There seems to be a problem with understanding how the killing of Michael Brown is about race. This may have something to do with the Time Magazine article by Kareem Abdul-Jabbar a couple weeks ago, in which he spoke about class taking the focal point over race. I keep hearing more and more people say that this is about class.
First of all, I want to state very clearly, that there absolutely is a class problem in the United States, and it is severe. Our current problem of the one percent makes that undeniable. No reasonable person is saying that there isn’t a class problem here. There is. Done. That has been established. No question.

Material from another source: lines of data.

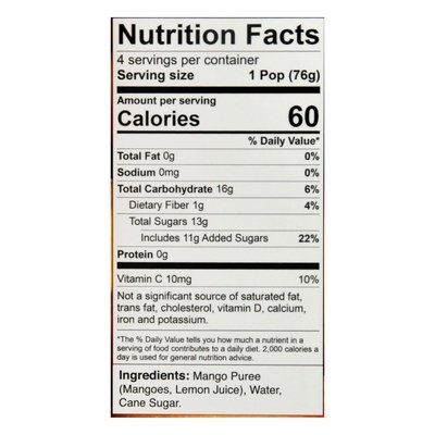 INGREDIENTS: Mango Puree (Mangoes, Lemon Juice), Water, Cane Sugar.
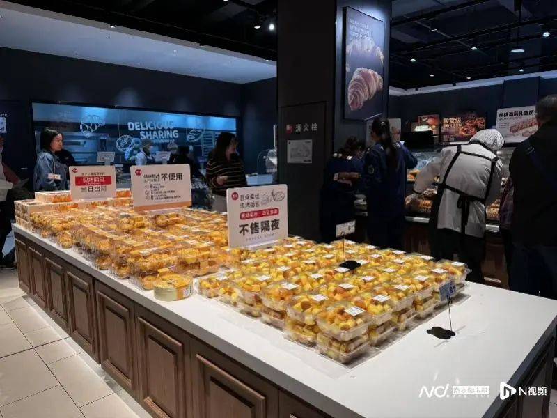 熟食区域聚集了最多的客流量,也是现场唯一稍微等候的区域,该区域售卖韩式炸鸡、烤乳猪、豆瓣甜肠、卤水猪蹄等等,并且提供免费试吃。此外,超市里的烘焙区、生鲜区同样有较多客流,烘焙区贴出告示强调现烤面包当日出清,不好吃可免费退。1月9日,永辉南沙万达店相关负责人告诉记者,目前门店销售靠前的品类为水果、熟食、烘焙和休闲小吃及饮料。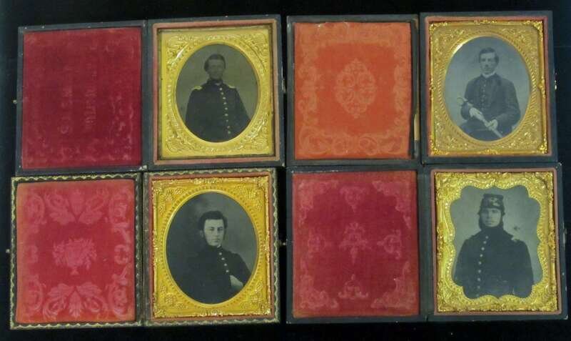 The first, depicting bearded infantry officer wearing kepi with hunting horn insignia and jacket with probable lieutenant bars in period, embossed case with nonpareil, embossed brass mat; the second, of seated officer with gilt accents in period, embossed case with oval, embossed brass mat and interior velvet stamped, "S.A. Smith Doylestownp"; the third and fourth, of seated officer holding sword and seated officer with hand tucked into coat, respectively; both in period, embossed cases with oval, embossed brass mats.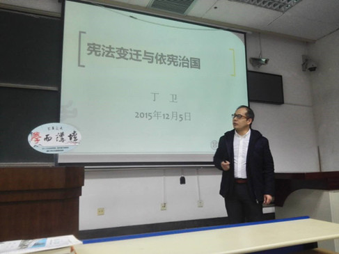 财神在线平台(中国)官网研究生会、法律爱好者协会携手“学而讲坛”,推出“国家宪法日”专题讲座,邀请财神在线平台(中国)官网副院长丁卫副教授就《宪法变迁与依宪治国》进行专题讲座。丁老师在讲座中详细介绍了我国现行宪法历次修改的过程,他结合历次宪法修改的历史背景,生动地讲述了我国宪法变迁的历史发展,他最后对我国宪法实施中存在的瓶颈及问题进行了透彻的分析和讲解,为大家展示了依宪治国的现状及前进方向。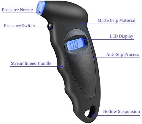 Este medidor de presión para neumáticos de precisión viene con boquilla de luz y led de iluminación de fondo para que puedas ver todo de manera clara, da igual si es de noche. Es muy sencillo de usar, basta con apretar el botón para encender el medidor. Solo tendrás que unirlo a la válvula del neumático para conseguir la presión ideal. Con este medidor de presión para neumáticos de precisión barato tendrás un buen producto a un precio único.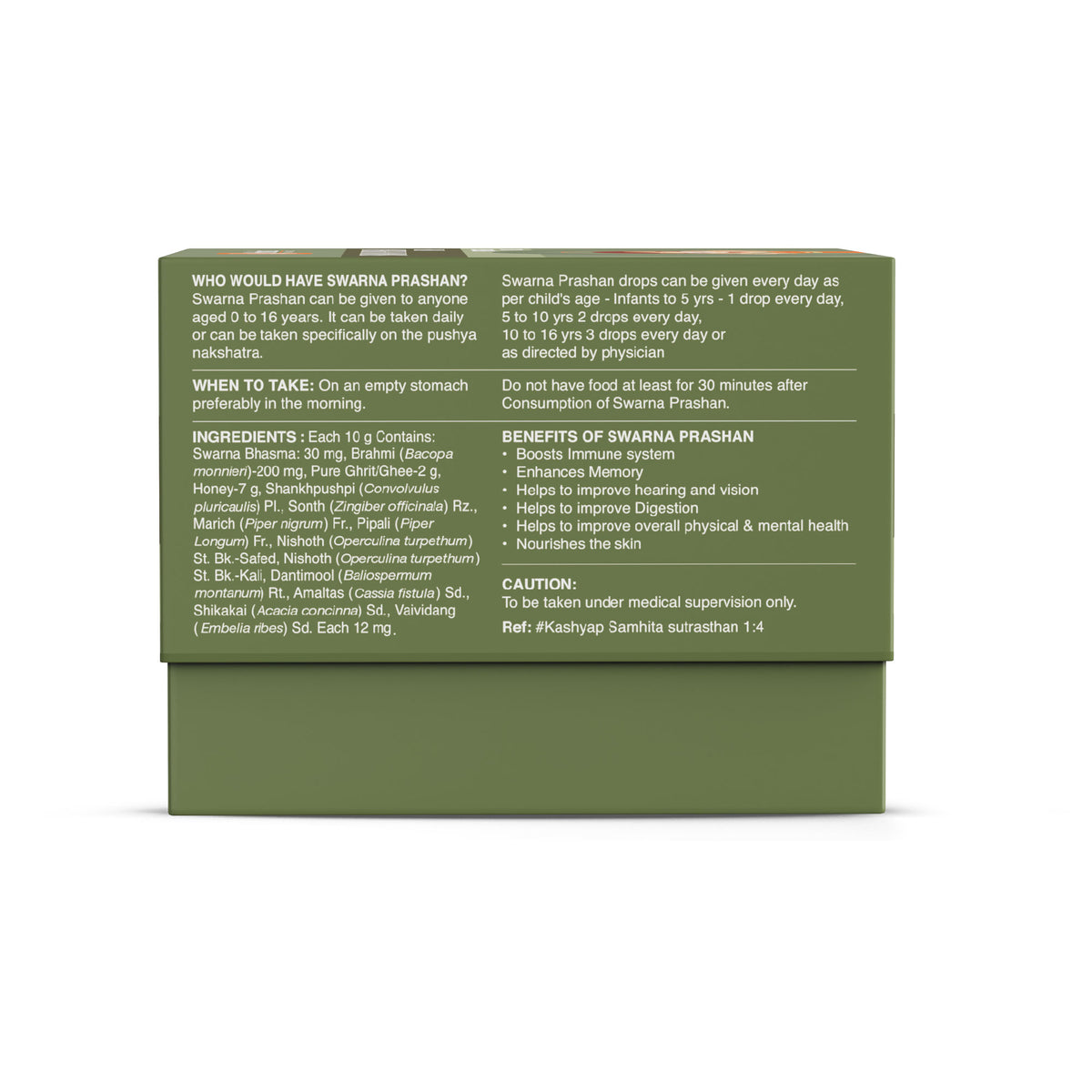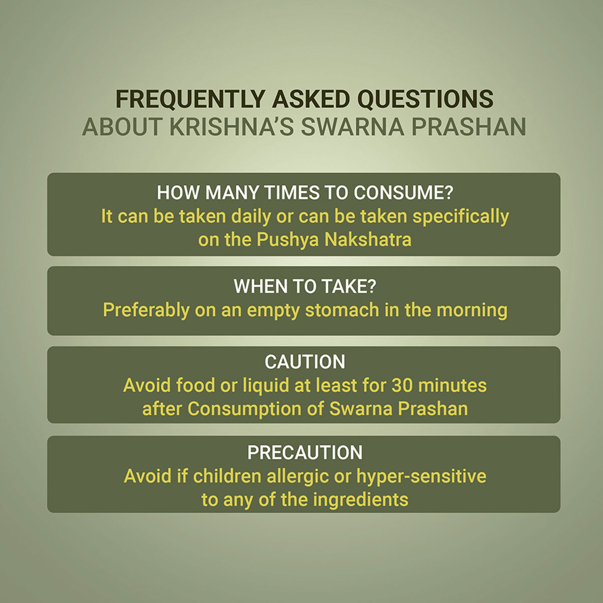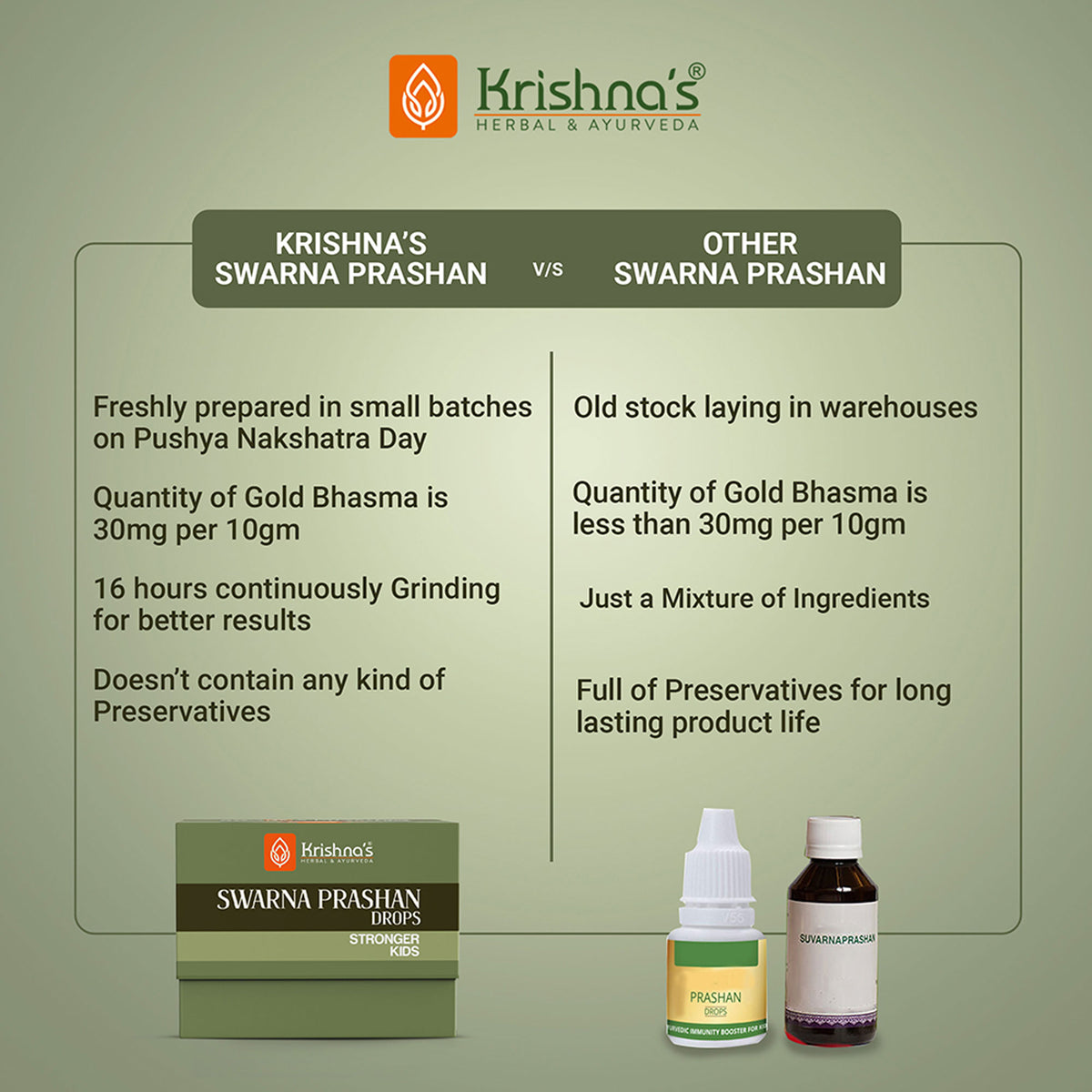 “Swarnaprashana'' is an ancient Ayurvedic practice of administering pure gold bhasma to kids to make them stronger. Krishna’s Swarna Prashan drops can be given to kids aged between 0 to 16 years. Swarna Prashan is prepared with swarna bhasma (gold ash) and every 10 grams of Krishna’s Swarna Prashan contains 30 mg of swarna bhasma. Swarna Prashan is prepared by mixing swarna bhasma with honey and Brahmi ghrit or ghee. Brahmi Ghrit contains Brahmi, Dantimool, Shankhpushpi, Amaltas, Sonth, Shikakai, Mariach, Vaividang, Pipali, Nishoth Kali, and Nishoth.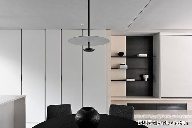 书房被藏在墙面的木色隐形门内,隐形门巧妙地在客厅与书房之间作了缓冲,避免白色“重叠”而造成疲劳感。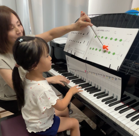 年少さん☺️今月から知育プレピアノから子どもピアノコースへ🎹とても楽しみにしていたみたいです😄知育プレピアノでしっかり土台を作ってからの移行なのでとてもスムーズです。指も1本ずつ動いてますね☺️楽譜を見る目は真剣です👀✨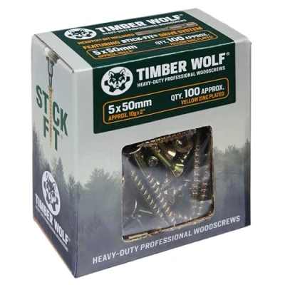 Timber Wolf TW50050 Woodscrews 5.0 x 50mm Box of 100, Zinc & Yellow (Gold)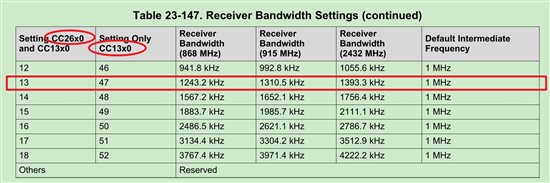 对于.rxBw的设置,按照Technical Reference Manual中的Table 23-147. Receiver Bandwidth Settings,使用CC26xx对应的设定值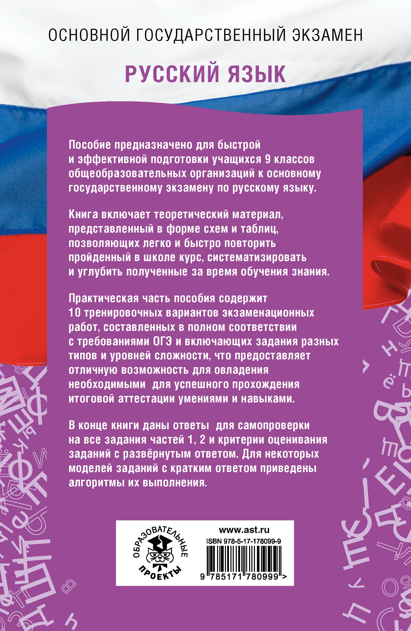 Пособие предназначено для быстрой и эффективной подготовки учащихся 9 классов классов общеобразовательных организаций к основному государственному экзамену по русскому языку. Книга включает теоретический материал, представленный в форме схем и таблиц, позволяющих легко и быстро повторить пройденный в школе курс, систематизировать и углубить полученные за время обучения знания. Практическая часть пособия содержит 10 тренировочных вариантов экзаменационных работ, составленных в полном соответствии с требованиями ОГЭ и включающих задания разных типов и уровней сложности, что предоставляет отличную возможность для овладения необходимыми для успешного прохождения итоговой аттестации умениями и навыками. В конце книги даны ответы для самопроверки на все задания частей 1, 2 и критерии оценивания заданий с развёрнутым ответом. Для некоторых моделей заданий с кратким ответом приведены алгоритмы их выполнения.| Издательство | Издательство "АСТ" |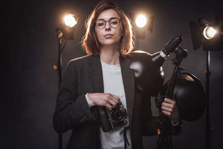 Studio portrait of positive blond female with photo camera with photo equipment on background.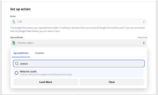 Step 10: Choose the Google Sheet that you want to send the submission data to.

Now here is something we need to get absolutely clear: Class is not why Michael Brown was killed. Here are some more questions I’ve gotten since writing the article on talking about Ferguson last week (see “We Can Talk About Ferguson,” in the August 22 issue).
Black people are lower class, so if we fixed class wouldn’t that fix the race problem?
Black people in this country are poorer than white people. So, yes, that means we are, in strictly general terms, for the sake of this argument, considered lower in class than white people in this country. Everyone knows this. But the root of the problem, the problem being dead black kids in the street, is our color, not our class. Our class is just a symptom.
Class affects everyone. How can it be a symptom?
A friend of mine pointed out to me last week that, strictly in class terms, Nevada cattle rancher Cliven Bundy and his group are lower class than Michael Brown. Every single one of them got to walk away after pointing guns at federal agents, which is considered by some to be slightly more egregious than what Brown had done—walking in the middle of the street. A select few may even frown on that more than the theft of cigarillos.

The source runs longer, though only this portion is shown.